Booth Miras Diduga Nistakan Agama

Gubernur DKI Jakarta Pramono Anung dan Ketua Umum MUI Provinsi DKI Jakarta Muhammad Faiz Syukron memberikan keterangan pers usai menghadiri Pengukuhan Pengurus MUI DKI Jakarta di Balai Kota DKI Jakarta, Selasa (11/8/2026). Foto: Nauval Pratama/kumparan

Sebelumnya, beredar video di media sosial nan memperlihatkan seseorang mengucapkan ayat suci Alquran di sebuah booth minuman beralkohol.

Dalam narasi nan beredar, booth tersebut disebut mengadakan challenge membaca alias menghafal ayat Alquran dengan bingkisan berupa satu botol minuman keras.

Sementara, pihak penyelenggara The Sounds Project telah memberikan penjelasan mengenai kejadian tersebut. Mereka menyebut peristiwa itu terjadi pada 9 Agustus 2026.

Dalam pernyataannya, penyelenggara mengaku turut mengecam tindakan nan menjadikan kepercayaan sebagai bagian dari challenge alias promosi produk.

“Kami, sebagai penyelenggara acara, turut merasa marah, kecewa, dan mengecam perilaku tersebut. Kami tidak pernah, dan tidak bakal pernah, membenarkan perilaku nan menjadikan kepercayaan sebagai bahan challenge alias promosi produk dalam corak apa pun,” demikian pernyataan The Sounds Project nan dikutip dari IG @thesoundsproject, Selasa (11/8).

Penyelenggara mengeklaim kejadian tersebut berada di luar arahan, persetujuan, dan kendali mereka. Mereka juga menegaskan tidak menoleransi tindakan nan dinilai sebagai penistaan kepercayaan maupun hal-hal nan menyinggung SARA.

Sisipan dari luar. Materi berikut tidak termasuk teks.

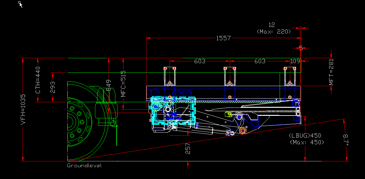- Potřebný převis min. 1557mm

Pihak penyelenggara menyebut telah menegur sponsor mengenai dan meminta persoalan tersebut diselesaikan. Mereka juga mengawal proses identifikasi pihak-pihak nan terlibat serta melakukan pertimbangan internal agar kejadian serupa tidak kembali terjadi.

Saat ini pihak The Sounds Project dan MC booth minuman beralkohol tersebut tengah diperiksa di Polsek Pademangan, Jakarta Utara, untuk mengetahui apa nan terjadi saat kejadian tersebut.

Pihak EO dan MC juga dilaporkan oleh aliansi Advokat Muslim ke Polda Metro Jaya dan Bareskrim Polri, lantaran tindakan nan dilakukan saat promisi minuman beralkohol tersebut dianggap menistakan agama.